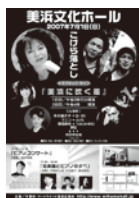
2007年 こけら落とし公演 「美浜に吹く風」 総合演出：横内謙介
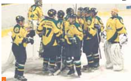
Brankář je v hokeji poslední instancí, která může výrazně ovlivnit každý zápas, proto se k němu sjíždějí hráči a nejen ho povzbuzují, ale i gratulují, jako v tomto případě.
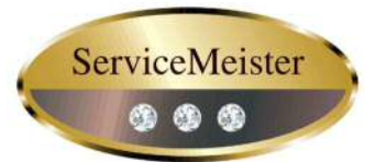
グランプリ受賞者に贈呈する 接客マイスター認定バッジ

1. 開催目的 NEXCO西日本管内の 183 箇所のSA・PA各店舗では、約 8000 名の接客スタッフが在籍しています。本大会は、接客スタッフの日頃の業務を西日本全体で披露する機会として、接客スタッフ一人ひとりのモチベーションアップを図り、全社的な接客スキルのレベルアップに繋げることを目的として、平成 23 年度より開催しています。
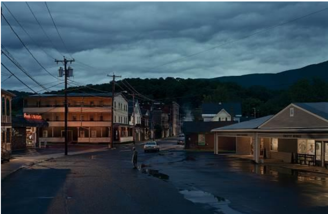
Gregory Crewdson Untitled (Oasis), 2004 Fotografía | C-print 164 x 240 cm Depósito Cal Cego (IVAM)

Gregory Crewdson (Brooklyn, 1962). A los diez años, una visita con su padre a una exposición de Diane Arbus en el MoMA, influyó en su decisión de ser fotógrafo. Famoso por sus imágenes surrealistas de estética cinematográfica, Crewdson retrata hogares y vecindarios de su país a través de una escenificación muy elaborada. Graduado en la Suny Purchase y en la Escuela de Arte de Yale, sus fotografías se caracterizan por capturar momentos aislados, escenas insólitas, que parecen formar parte de una narración, pero en los que para el espectador es difícil adivinar su desarrollo. Sus obras forman parte de las colecciones de los museos de mayor renombre, entre ellos el Whitney o el MoMa de Nueva York.
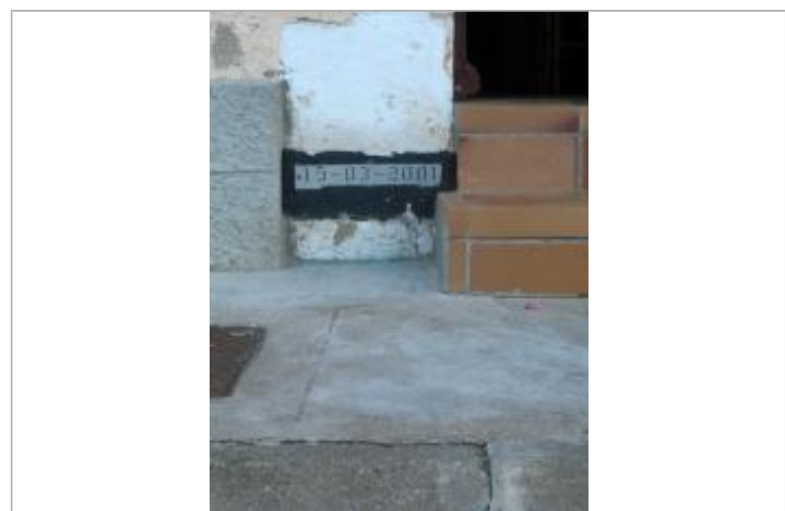
Repère de crue 2001

GÉNÉRAL Code : DIREN_IDF_R_51_74 Date de mise à jour : Auteur : SPC SMYL 28/01/2020
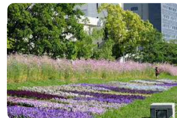
(現在、花の植え替えを行っています。)

広島は、街の中にくつもの川が流れる水の都です。ここでは、本川(旧太田川)の雄大な風景の中で、水辺散策や憩うことができます。
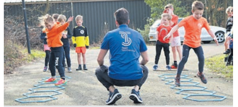
Team Sportservice helpt gemeenten met het organiseren van buitenspeeldagen.

De gezamenlijke inzet van politie en gemeente past binnen de voortdurende samenwerking om de gemeente Uithoorn veilig en leefbaar te houden. Gerichte controles zoals deze zullen ook in de toekomst worden uitgevoerd.
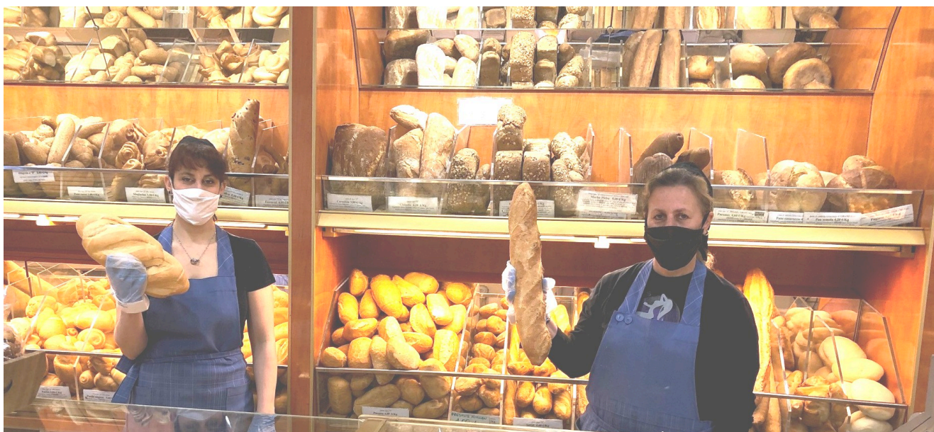
Mascherina, guanti e distanziamento: così si lavora oggi in panificio

DAL 18 MAGGIO RIAPERTURE GENERALIZZATE MA ATTENTI ALLE REGOLE

DIRECTIONS FOR THIS TASK
Set down the entries above word for word, but drop any image.

TASK RESULT
2007年 こけら落とし公演 「美浜に吹く風」 総合演出：横内謙介
Brankář je v hokeji poslední instancí, která může výrazně ovlivnit každý zápas, proto se k němu sjíždějí hráči a nejen ho povzbuzují, ale i gratulují, jako v tomto případě.
グランプリ受賞者に贈呈する 接客マイスター認定バッジ

1. 開催目的 NEXCO西日本管内の 183 箇所のSA・PA各店舗では、約 8000 名の接客スタッフが在籍しています。本大会は、接客スタッフの日頃の業務を西日本全体で披露する機会として、接客スタッフ一人ひとりのモチベーションアップを図り、全社的な接客スキルのレベルアップに繋げることを目的として、平成 23 年度より開催しています。
Gregory Crewdson Untitled (Oasis), 2004 Fotografía | C-print 164 x 240 cm Depósito Cal Cego (IVAM)

Gregory Crewdson (Brooklyn, 1962). A los diez años, una visita con su padre a una exposición de Diane Arbus en el MoMA, influyó en su decisión de ser fotógrafo. Famoso por sus imágenes surrealistas de estética cinematográfica, Crewdson retrata hogares y vecindarios de su país a través de una escenificación muy elaborada. Graduado en la Suny Purchase y en la Escuela de Arte de Yale, sus fotografías se caracterizan por capturar momentos aislados, escenas insólitas, que parecen formar parte de una narración, pero en los que para el espectador es difícil adivinar su desarrollo. Sus obras forman parte de las colecciones de los museos de mayor renombre, entre ellos el Whitney o el MoMa de Nueva York.
Repère de crue 2001

GÉNÉRAL Code : DIREN_IDF_R_51_74 Date de mise à jour : Auteur : SPC SMYL 28/01/2020
(現在、花の植え替えを行っています。)

広島は、街の中にくつもの川が流れる水の都です。ここでは、本川(旧太田川)の雄大な風景の中で、水辺散策や憩うことができます。
Team Sportservice helpt gemeenten met het organiseren van buitenspeeldagen.

De gezamenlijke inzet van politie en gemeente past binnen de voortdurende samenwerking om de gemeente Uithoorn veilig en leefbaar te houden. Gerichte controles zoals deze zullen ook in de toekomst worden uitgevoerd.
Mascherina, guanti e distanziamento: così si lavora oggi in panificio

DAL 18 MAGGIO RIAPERTURE GENERALIZZATE MA ATTENTI ALLE REGOLE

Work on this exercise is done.